What needs to be done: Beginning at the line containing "Alicja Komosińska - I", give again every line through the end of the data, unchanged and with both ends included. Drop any pictures.

Supplied data:
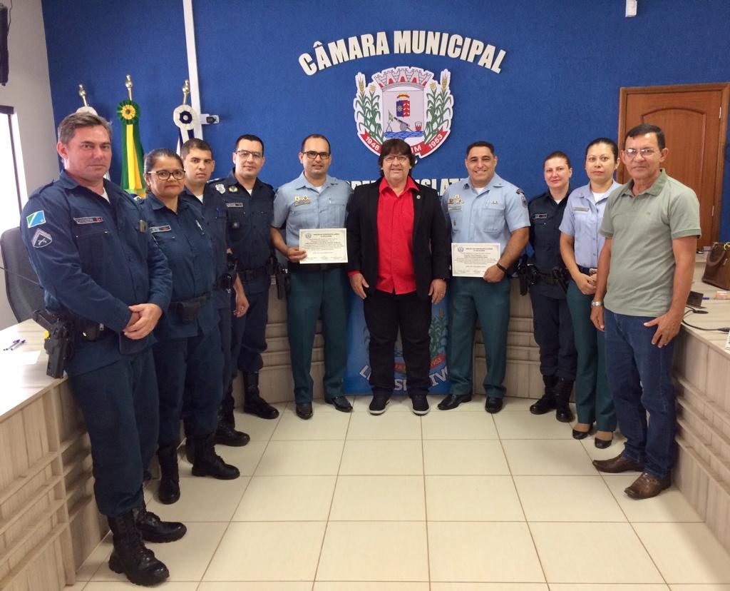 A homenagem, aos cabos PM Antônio Carlos Olasar de Andrade e André Barbosa Rios, foi uma indicação dos vereadores César Nogueira e Carlos Américo Grubert, pelos excelentes serviços realizados na execução do PROERD nas escolas municipais de Jardim. As congratulações e aplausos foram destinadas, também, à professora Maria Alcinda Paná, que foi a articuladora do Programa nas escolas, através da Secretaria Municipal de Educação.
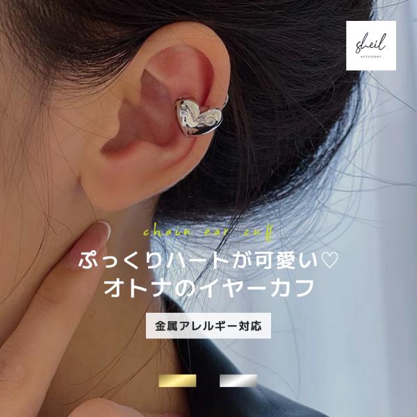 イヤーカフ 金属アレルギー ハート ゴールド シルバー 重ね付け 大ぶり イヤカフ 片耳用 レディース シンプル 大人 爆買
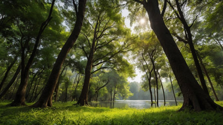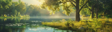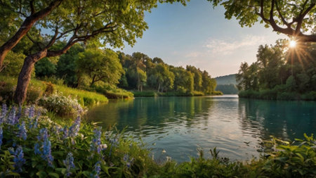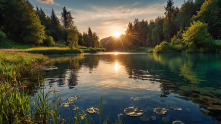A serene scene of a sunlit forest lake with tranquil waters, surrounded by lush greenery and trees, reflecting the calm atmosphere.
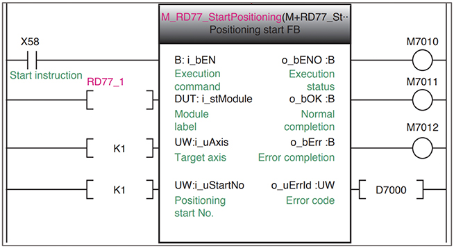 With the unit FB of MELSOFT GX Works3, motion control such as positioning control and advanced synchronization control can be programmed easily.
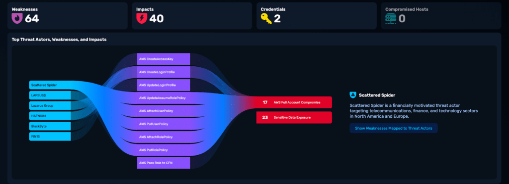 Image 3: Mapping discovered cloud IAM weaknesses to Scattered Spider TTPs and validated business impact.
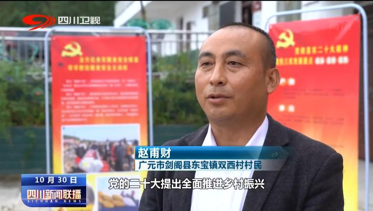 广元市剑阁县东宝镇双西村村民 赵甫财:十个展板很直观,让我们一目了然,党的二十大提出全面推进乡村振兴,使我们农民更有信心。
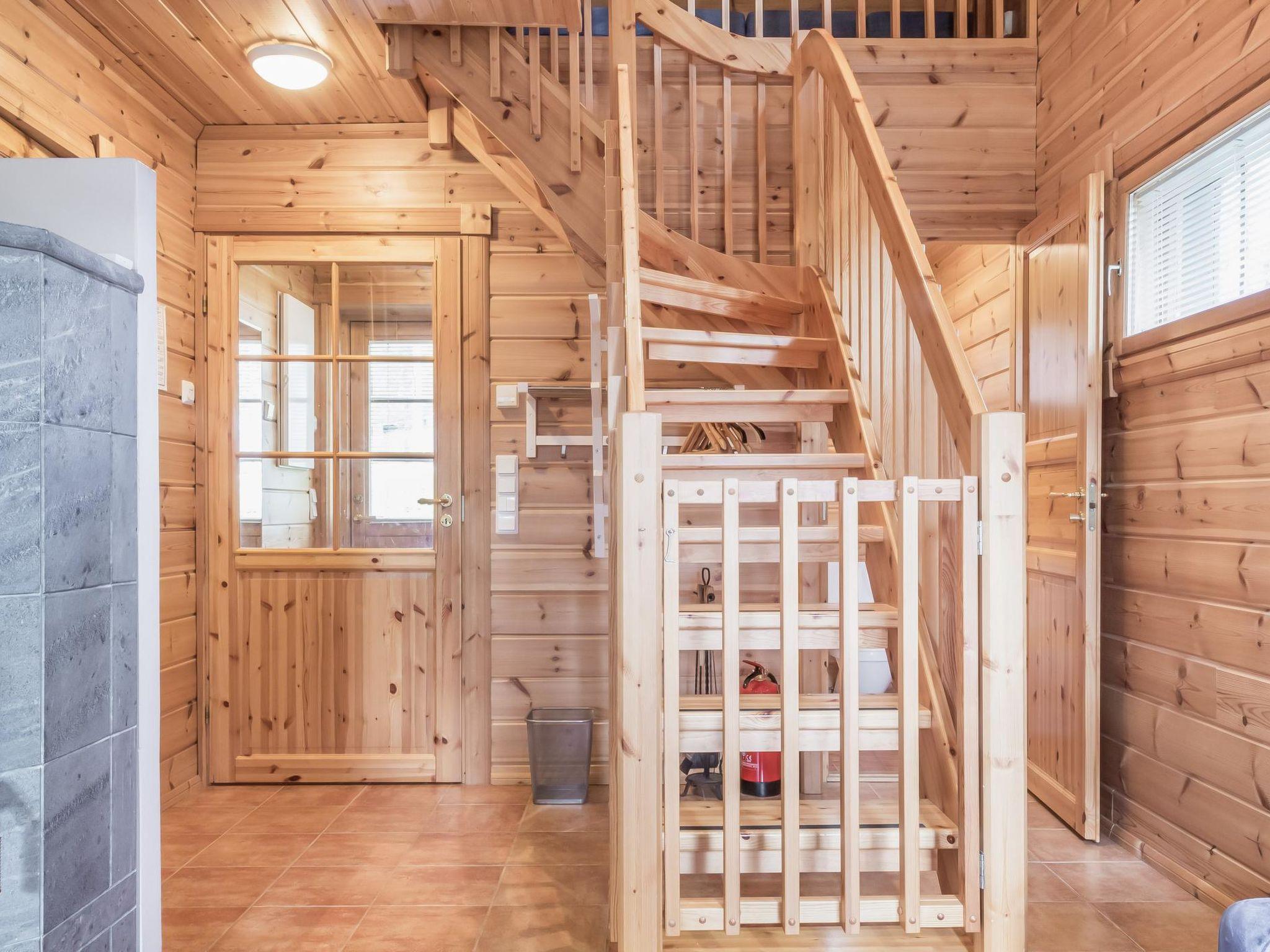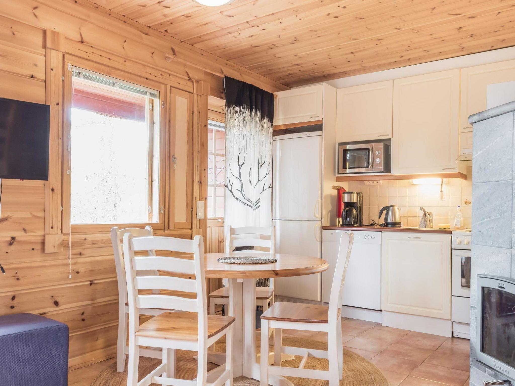 40 km north of Kolari, lake Äkäslompolo 1,5 km, lake Pikku-Kaupinjärvi 500 m, lake Iso-Kaupinjärvi 1,2 km, swimming beach 3 km. Log rowhouse apartment 50 m² + upstairs 12 m² , built 2005. IN downstairs livingroom/kitchen,sauna (electric), shower, separate toilet.
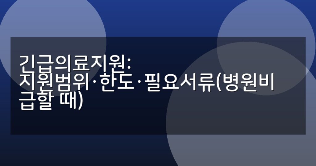 긴급의료지원 제도의 지원범위, 한도, 필요서류 및 신청 절차를 상세 안내합니다. 병원비 급할 때 꼭 알아야 할 정보를 표와 FAQ로 쉽게 확인하세요.
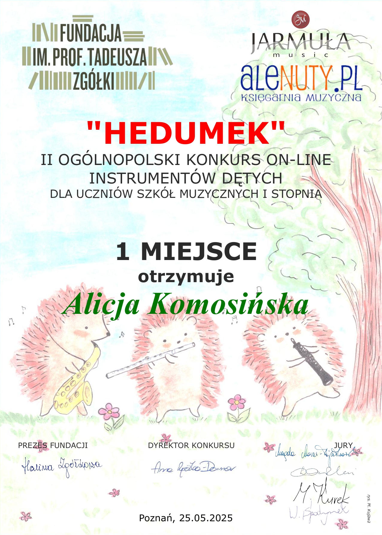 Alicja Komosińska - I miejsce w II Ogólnopolskim Konkursie Online Instrumentów Dętych "Hedumek" - 25 maja 2025
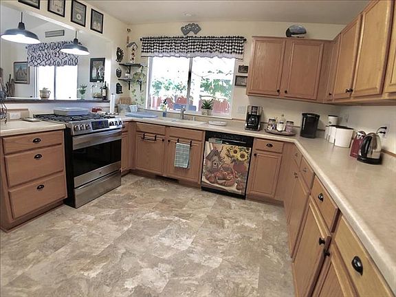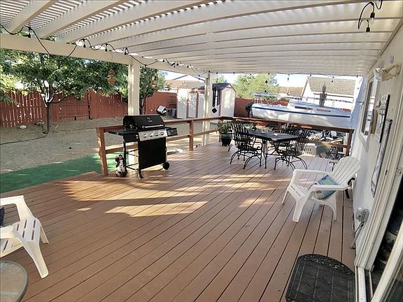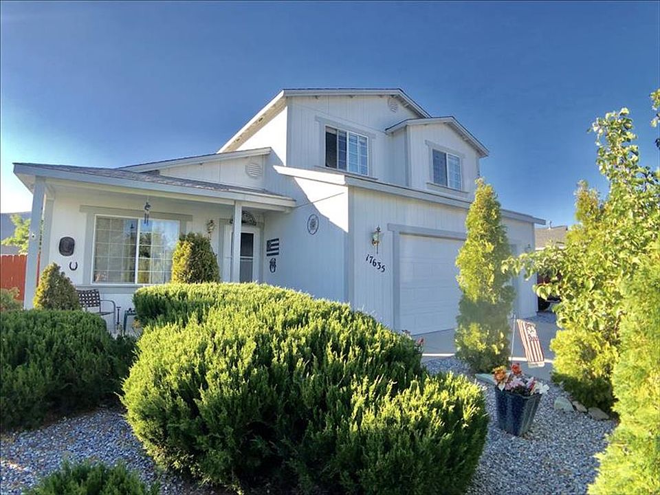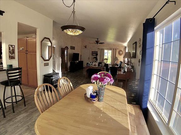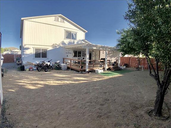 Open floor plan with lots of natural light throughout this lovely home. 5 bedrooms and 3 bathrooms - room for everyone. One bedroom downstairs could be used a master bedroom or mother-in-law quaters, along with the main master bedroom upstairs - each with walk in closets and organized storage. Laminate floors on the main level. At the top of the stairs you will find a room with french doors that can be a bedroom, office, den, etc. Backyard host a covered deck deck/patio with mature fruit trees. There is plenty of room for RV parking and toys. Easy access to BLM land for exploring.

Solution to the exercise:
 Alicja Komosińska - I miejsce w II Ogólnopolskim Konkursie Online Instrumentów Dętych "Hedumek" - 25 maja 2025
 Open floor plan with lots of natural light throughout this lovely home. 5 bedrooms and 3 bathrooms - room for everyone. One bedroom downstairs could be used a master bedroom or mother-in-law quaters, along with the main master bedroom upstairs - each with walk in closets and organized storage. Laminate floors on the main level. At the top of the stairs you will find a room with french doors that can be a bedroom, office, den, etc. Backyard host a covered deck deck/patio with mature fruit trees. There is plenty of room for RV parking and toys. Easy access to BLM land for exploring.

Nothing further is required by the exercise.